Task statement: Output all of the data exactly as it appears, but leave out any pictures it contains.

Records:
Start of Block

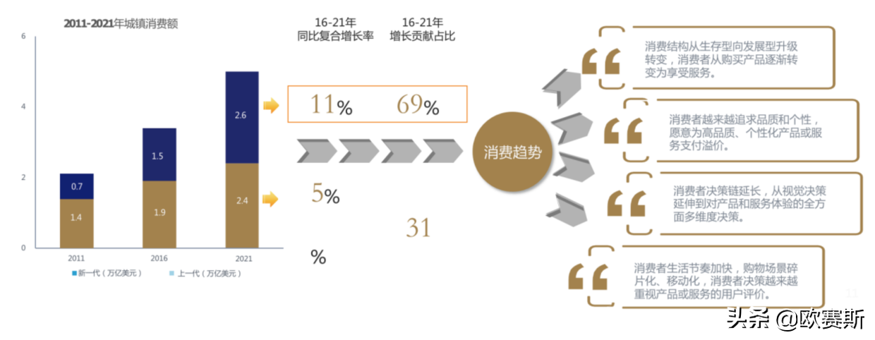 据BCG预计,在2016-2021年间,新一代消费力的同比复合增长率 为11%,是上一代的2倍多。同期新一代消费的增长贡献占比达到69%,上一代贡献占比仅为31%。
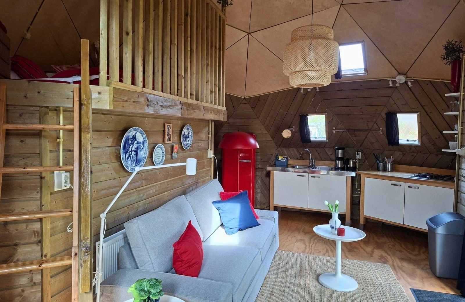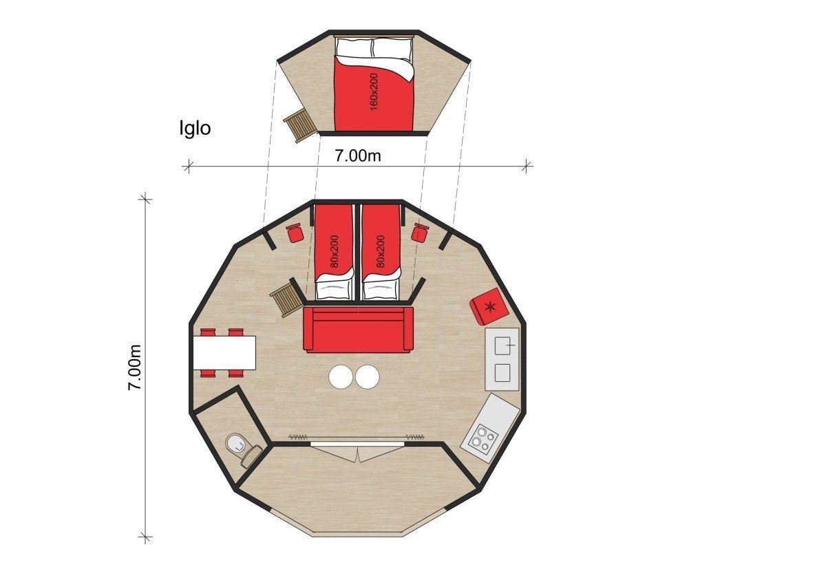 L’Igloo en bois est unique, chaleureux et délicieusement cosy. Entièrement isolé et aménagé avec un intérieur moderne et tendance, cet hébergement dégage une atmosphère de confort et de convivialité. La mezzanine de couchage est idéale pour un séjour romantique ou comme espace de jeu pour les enfants, offrant ainsi 8,5 m² d’espace de vie supplémentaire.
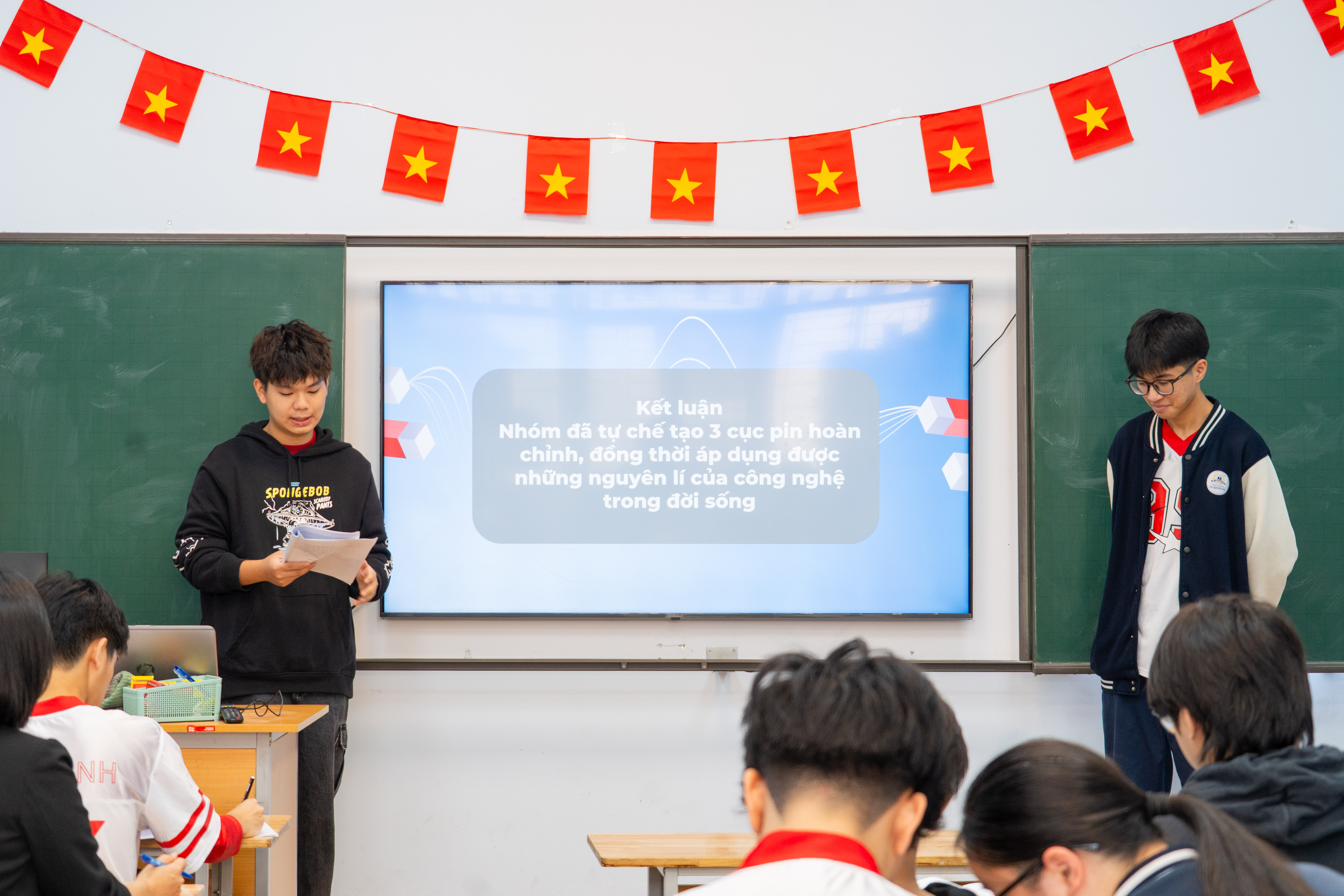 Khi bước vào phần báo cáo, giáo viên nêu rõ yêu cầu: mỗi nhóm có 7 phút để trình bày, tập trung vào điểm khác biệt trong quy trình chế tạo, lý giải vì sao sản phẩm đạt hoặc chưa đạt thông số mong muốn, đồng thời đề xuất giải pháp cải thiện. Các nhóm còn lại phải đưa ra ít nhất một ý kiến phản biện hoặc câu hỏi dành cho nhóm trình bày. Nhờ vậy, không khí lớp học trở nên sôi nổi, giàu tính học thuật; học sinh học được cách lắng nghe, đặt câu hỏi và bảo vệ quan điểm bằng lập luận khoa học.
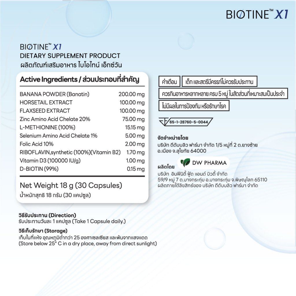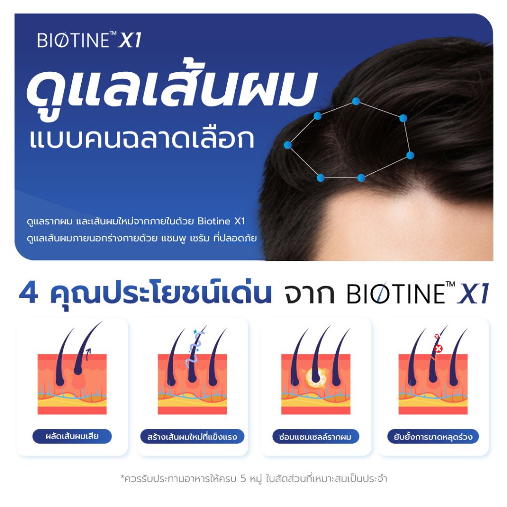 BIOTINE X1 (ไบโอไทน์ เอ็กวัน) สำหรับผู้ชาย ร่วงยาก กระตุ้นงอกใหม่ ผมแข็งแรง แก้ปัญหาบาง เถิก ล้าน ขนาด 60 แคปซูล
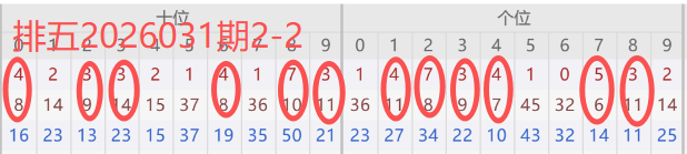 2026027期开奖号码08407,万位近30期0出现5次数 (较029期减一),千位近30期8出现4次数,百位近30期4出现1次数,十位近30期0出现4次数 ,个位近30期7出现5次数 。
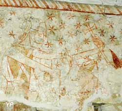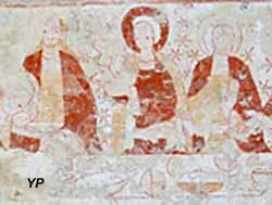 Des peintures datant du milieu du XIIIe siècle sont visibles actuellement sur environ 80 m2. Elles recouvraient à l'origine tout l'intérieur du monument. . Les peintures du choeur montrant un cycle de la passion et un cycle marial sont assez bien conservées. Dans la nef, elles sont plus abimées; on y voit en particulier l'attaque d'un château-fort, peut-être inspirée de récits de croisade et probablement le meurtre de Saint Thomas Becket en sa cathédrale de Canterbury.

End of Block

Result below:
 据BCG预计,在2016-2021年间,新一代消费力的同比复合增长率 为11%,是上一代的2倍多。同期新一代消费的增长贡献占比达到69%,上一代贡献占比仅为31%。
 L’Igloo en bois est unique, chaleureux et délicieusement cosy. Entièrement isolé et aménagé avec un intérieur moderne et tendance, cet hébergement dégage une atmosphère de confort et de convivialité. La mezzanine de couchage est idéale pour un séjour romantique ou comme espace de jeu pour les enfants, offrant ainsi 8,5 m² d’espace de vie supplémentaire.
 Khi bước vào phần báo cáo, giáo viên nêu rõ yêu cầu: mỗi nhóm có 7 phút để trình bày, tập trung vào điểm khác biệt trong quy trình chế tạo, lý giải vì sao sản phẩm đạt hoặc chưa đạt thông số mong muốn, đồng thời đề xuất giải pháp cải thiện. Các nhóm còn lại phải đưa ra ít nhất một ý kiến phản biện hoặc câu hỏi dành cho nhóm trình bày. Nhờ vậy, không khí lớp học trở nên sôi nổi, giàu tính học thuật; học sinh học được cách lắng nghe, đặt câu hỏi và bảo vệ quan điểm bằng lập luận khoa học.
 BIOTINE X1 (ไบโอไทน์ เอ็กวัน) สำหรับผู้ชาย ร่วงยาก กระตุ้นงอกใหม่ ผมแข็งแรง แก้ปัญหาบาง เถิก ล้าน ขนาด 60 แคปซูล
 2026027期开奖号码08407,万位近30期0出现5次数 (较029期减一),千位近30期8出现4次数,百位近30期4出现1次数,十位近30期0出现4次数 ,个位近30期7出现5次数 。
 Des peintures datant du milieu du XIIIe siècle sont visibles actuellement sur environ 80 m2. Elles recouvraient à l'origine tout l'intérieur du monument. . Les peintures du choeur montrant un cycle de la passion et un cycle marial sont assez bien conservées. Dans la nef, elles sont plus abimées; on y voit en particulier l'attaque d'un château-fort, peut-être inspirée de récits de croisade et probablement le meurtre de Saint Thomas Becket en sa cathédrale de Canterbury.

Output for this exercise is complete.